Adapt for:java
The WordCount examples demonstrate how to set up a processing pipeline that can read text, tokenize the text lines into individual words, and perform a frequency count on each of those words. The Beam SDKs contain a series of these four successively more detailed WordCount examples that build on each other. The input text for all the examples is a set of Shakespeare’s texts.git
Each WordCount example introduces different concepts in the Beam programming model. Begin by understanding Minimal WordCount, the simplest of the examples. Once you feel comfortable with the basic principles in building a pipeline, continue on to learn more concepts in the other examples.github
Minimal WordCount demonstrates a simple pipeline that can read from a text file, apply transforms to tokenize and count the words, and write the data to an output text file. This example hard-codes the locations for its input and output files and doesn’t perform any error checking; it is intended to only show you the 「bare bones」 of creating a Beam pipeline. This lack of parameterization makes this particular pipeline less portable across different runners than standard Beam pipelines.

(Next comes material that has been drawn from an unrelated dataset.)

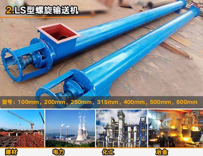 型號:LS型螺旋輸送機以管徑為型號:100mm,200mm,250mm,315mm,400mm,500mm,600mm等型號。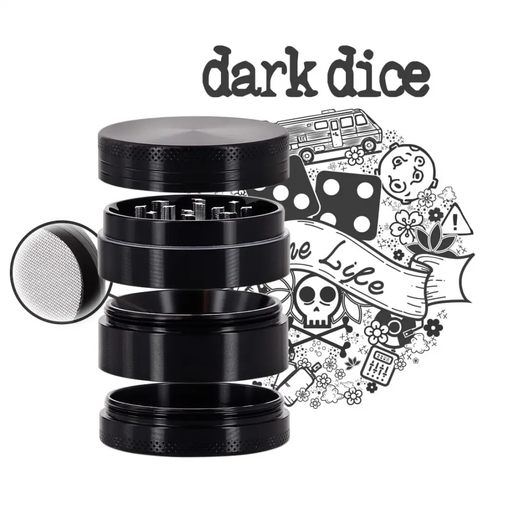 - A dark dice alu grinder 4 parts 40 mm (colors may vary depending on arrivals)

In later examples, we will parameterize the pipeline’s input and output sources and show other best practices.express
To run this example, follow the instructions in the Quickstart for Java or Python. To view the full code, see MinimalWordCount.apache
Key Concepts:windows
The following sections explain these concepts in detail along with excerpts of the relevant code from the Minimal WordCount pipeline.app
The first step in creating a Beam pipeline is to create a PipelineOptions
object. This object lets us set various options for our pipeline, such as the pipeline runner that will execute our pipeline and any runner-specific configuration required by the chosen runner. In this example we set these options programmatically, but more often command-line arguments are used to set PipelineOptions
.less
You can specify a runner for executing your pipeline, such as the DataflowRunner
or SparkRunner
. If you omit specifying a runner, as in this example, your pipeline will be executed locally using the DirectRunner
. In the next sections, we will specify the pipeline’s runner.dom
PipelineOptions options = PipelineOptionsFactory.create(); // In order to run your pipeline, you need to make following runner specific changes: // // CHANGE 1/3: Select a Beam runner, such as DataflowRunner or FlinkRunner. // CHANGE 2/3: Specify runner-required options. // For DataflowRunner, set project and temp location as follows: // DataflowPipelineOptions dataflowOptions = options.as(DataflowPipelineOptions.class); // dataflowOptions.setRunner(DataflowRunner.class); // dataflowOptions.setProject("SET_YOUR_PROJECT_ID_HERE"); // dataflowOptions.setTempLocation("gs://SET_YOUR_BUCKET_NAME_HERE/AND_TEMP_DIRECTORY"); // For FlinkRunner, set the runner as follows. See {@code FlinkPipelineOptions} // for more details. // options.setRunner(FlinkRunner.class);
options = PipelineOptions() google_cloud_options = options.view_as(GoogleCloudOptions) google_cloud_options.project = 'my-project-id' google_cloud_options.job_name = 'myjob' google_cloud_options.staging_location = 'gs://your-bucket-name-here/staging' google_cloud_options.temp_location = 'gs://your-bucket-name-here/temp' options.view_as(StandardOptions).runner = 'DataflowRunner'
The next step is to create a Pipeline object with the options we’ve just constructed. The Pipeline object builds up the graph of transformations to be executed, associated with that particular pipeline.async
Pipeline p = Pipeline.create(options);
p = beam.Pipeline(options=options)
The Minimal WordCount pipeline contains several transforms to read data into the pipeline, manipulate or otherwise transform the data, and write out the results. Each transform represents an operation in the pipeline.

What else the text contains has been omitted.